The Akeley Gallery had an exhibit on Korea, with the present shown as technology and the Olympics, and the past being an expedition by a naturalist from the museum. We headed to the top floor to be impressed by the size and number of dinosaur remains, including a “mummy.” Down one floor to see more African mammal dioramas, but we were starting to fade. We skipped floors to the first floor to find the model of the great blue whale in a cool dark room. Purchased a couple cans of Coca-cola (for $1.35 each!), and sat beneath the whale to look at the fish all around us.
We left and walked up Central Park West and arrived at the beginning of the Dominican Republic, which was still forming and marching out at 15:30!
Dominican Republic Parade
We couldn’t believe how many people were in the parade. It surely everyone from that country! And all their relatives lined the street to watch! We followed the route to 59th Street, and crossed over to walk down 7th Avenue. We turned down 55th Street and crossed the parade at the Avenue of the Americas. All the restaurants were closed on 55th Street, so we went back to the Avenue of the Americas and went to Prego: Pasta d’Italia to get a window seat to watch the parade. There was a large bowl of marinated/pickled vegetables on the table, which we nibbled. There was great bread. I had mineral water and Kent had a beer. Kent ate the pasta frutti di mare, which had linguine with mussels. Squid, and clams in a plain marinara sauce. I had gnocchi pesto, which was more cream sauce with chopped tomato than anything basil. Tasty, but as Kent says, the Wendy’s of Italian food. Left about $30 for the Indian waiters.

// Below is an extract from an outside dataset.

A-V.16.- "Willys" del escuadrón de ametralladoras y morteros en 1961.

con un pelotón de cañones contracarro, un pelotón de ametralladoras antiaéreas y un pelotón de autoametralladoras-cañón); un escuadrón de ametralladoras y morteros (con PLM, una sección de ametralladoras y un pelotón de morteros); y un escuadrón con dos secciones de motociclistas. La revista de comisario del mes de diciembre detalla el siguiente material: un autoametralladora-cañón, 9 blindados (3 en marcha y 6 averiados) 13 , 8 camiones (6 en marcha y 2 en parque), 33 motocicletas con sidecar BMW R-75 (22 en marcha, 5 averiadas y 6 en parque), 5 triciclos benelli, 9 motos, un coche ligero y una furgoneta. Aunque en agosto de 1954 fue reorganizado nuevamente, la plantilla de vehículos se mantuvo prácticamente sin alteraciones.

About 16:00 we returned to the hotel to pick up our suitcase. Kent carried it as we hiked over to 49th Street and Park Avenue to see the Waldorf-Astoria Hotel. They also had cement supplied by Dyckerhoff, so Kent took a few photos. We caught a cab as it discharged a passenger, and zipped over to 1st Avenue, seeing the UN buildings. Passed Dangerfield’s Comedy Club and went over to FDR Drive. Over the Triborough Bridge where we could see the dark smoke from a fire in the Bronx. Took Grand Central Parkway to LaGuardia Airport. Hit traffic, but arrived at the Delta terminal. The cab ride cost $15.25 and Kent gave him $19.
We checked in and got drinks to sip while we waited for our 18:15 flight to Providence. We saw some guys in suits, and Kent recognized some as Minnesota Twins: Bert Blyleven, Dan Gladden, and Steve Lombardozzi. We also saw several people walking by carrying musical instrument cases and sporting t-shirts or decals proclaiming the Jazz-Blues Festival. Kent thought one guy might be Dizzy Gillespie!

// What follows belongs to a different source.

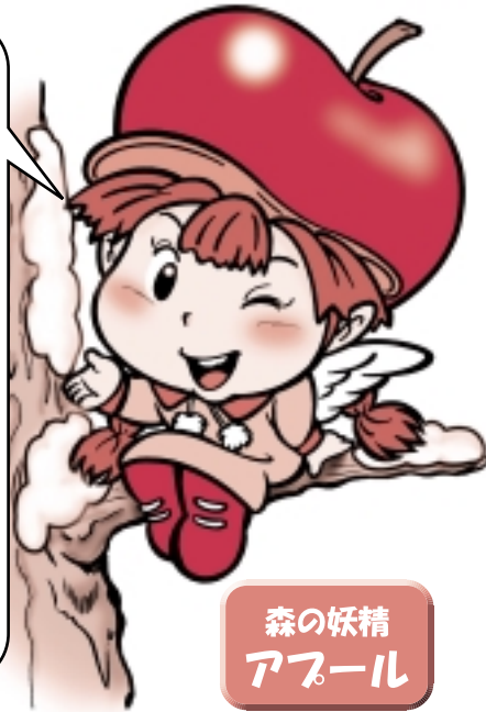
森の妖精 アプール

そこで今回は、この札幌ドームをテーマにしたパズルを作ってみたから、実際に行ったことのある人も、そうでない人も、ぜひ解いてみてね。正解者の中から、抽選で100人にすてきなプレゼントが当たるよ！

We boarded a nice new Saab SF-340 and took off on time, arriving earlier than 19:15 on Providence. We paid $13.75 for parking and drove straight home. When we passed the harbor, I saw the huge salvage ship (Dutch), which had brought home the mined USS Sam Roberts to Newport.

Saturday, July 23, 1988

1988 Wedding Reception (7/23/1988)

Saturday, July 23, 1988
Our prayers have been answered as the sun was peeking out this morning! Kent and I went out to put up the tent canopies, durable with huge yellow and white stripes. We laid them out, and discovered that instead of two 20’ x 30’ canopies, one of them was 20’ x 20’. But actually it fit better in our back yard, because of the shed. We began pounding in stakes, and the cheap hammer eventually broke into several pieces.
Jim, arrived with Terry, Kathy, and my mom, and Kent's parents arrived. The Ss took Kyle and Erich to return a video and pick up video games, and to buy mahogany plate stands at Pier 1 Imports. The others, especially Jim, helped put up the canopies, using sophisticated knots to draw the ropes taut. Frank arrived in the middle of this and helped, too. He had been at the Esquire Motel, having arrived at 2:00 or so. Eventually we got the canopies up, with three rather than four section lengths in the middle poles. Swept the dirt off the insides, and my mother took a damp cloth to wipe the edges. We set up the tables; three banquet tables along the back of the largest tent, with four round tables. A banquet table over the concrete cistern cap, towards the middle of the smaller canopy, with two round tables. We put eight chairs around each round table, and spread out the rest of the 75 in total chairs! We put tablecloths on the tables.
Our backyard (GJT)
Town Wine & Spirits delivered the beverages; four cases of Hope beer, two of Samuel Adams, one of Amstel Light, a case of Coca-cola, a case of Diet Coke, a case of ginger ale, a half case of 7-Up, nine bottles of white wine, and two bottle of rose, and two large washtubs. Kent went to get ice and go to the bank, and ended up having to get another washtub. Last Thursday I had gone to the Yacht Club factory outlet in North Providence to get a case each of birch beer, sarsaparilla, and cream sodas, so we had those to ice down as well!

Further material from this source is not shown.